Re: [PATCH net-next v5 2/2] net/smc: handle -ENOMEM from smc_wr_alloc_link_mem gracefully
From: Dust Li
Date: Wed Oct 08 2025 - 10:37:55 EST
On 2025-10-06 11:25:22, Mahanta Jambigi wrote:
>On 29/09/25 7:20 am, Dust Li wrote:
>>> diff --git a/net/smc/smc_core.h b/net/smc/smc_core.h
>>> index 8d06c8bb14e9..5c18f08a4c8a 100644
>>> --- a/net/smc/smc_core.h
>>> +++ b/net/smc/smc_core.h
>>> @@ -175,6 +175,8 @@ struct smc_link {
>>> struct completion llc_testlink_resp; /* wait for rx of testlink */
>>> int llc_testlink_time; /* testlink interval */
>>> atomic_t conn_cnt; /* connections on this link */
>>> + u16 max_send_wr;
>>> + u16 max_recv_wr;
>>
>> Here, you've moved max_send_wr/max_recv_wr from the link group to individual links.
>> This means we can now have different max_send_wr/max_recv_wr values on two
>> different links within the same link group.
>> Since in Alibaba we doesn't use multi-link configurations, we haven't tested
>
>Does Alibaba always use a single RoCE device for SMC-R? In that case how
>redundancy is achieved if that link goes down?
We expose a virtual RDMA device to our client inside their virtual
machine.
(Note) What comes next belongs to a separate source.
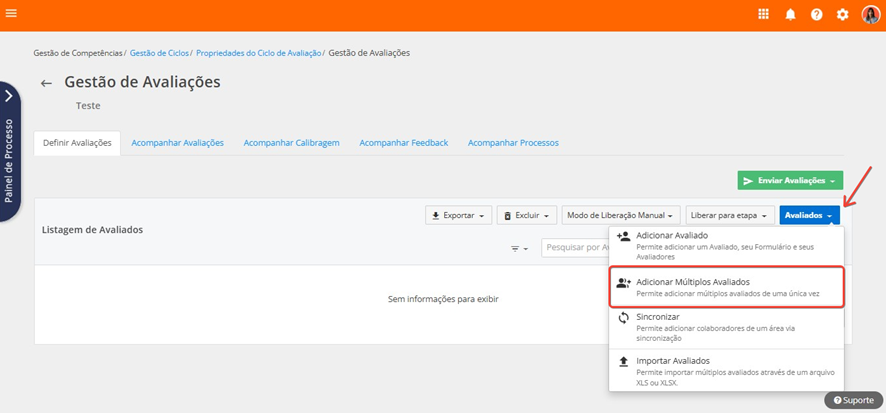 Para adicionar mais de um avaliado por vez ao ciclo de avaliações para ser editado manualmente, na tela Definir Avaliações, clique em Avaliados e selecione a segunda opção Adicionar Múltiplos Avaliados:

The underlying network is already redundant, so it’s got
built-in reliability. You can think of it kind of like virtio-net, but
instead of a regular virtual NIC, it’s an RDMA device.
>
>> this scenario. Have you tested the link-down handling process in a multi-link
>> setup?
>I did test this after you query & don't see any issues. As Halil
>mentioned in worst case scenario one link might perform lesser than the
>other, that too if the kcalloc() failed for that link in
>smc_wr_alloc_link_mem() & succeeded in subsequent request with reduced
>max_send_wr/max_recv_wr size(half).
Great! You can add my
Reviewed-by: Dust Li <dust.li@xxxxxxxxxxxxxxxxx>
>> Otherwise, the patch looks good to me.
>>
>> Best regards,
>> Dust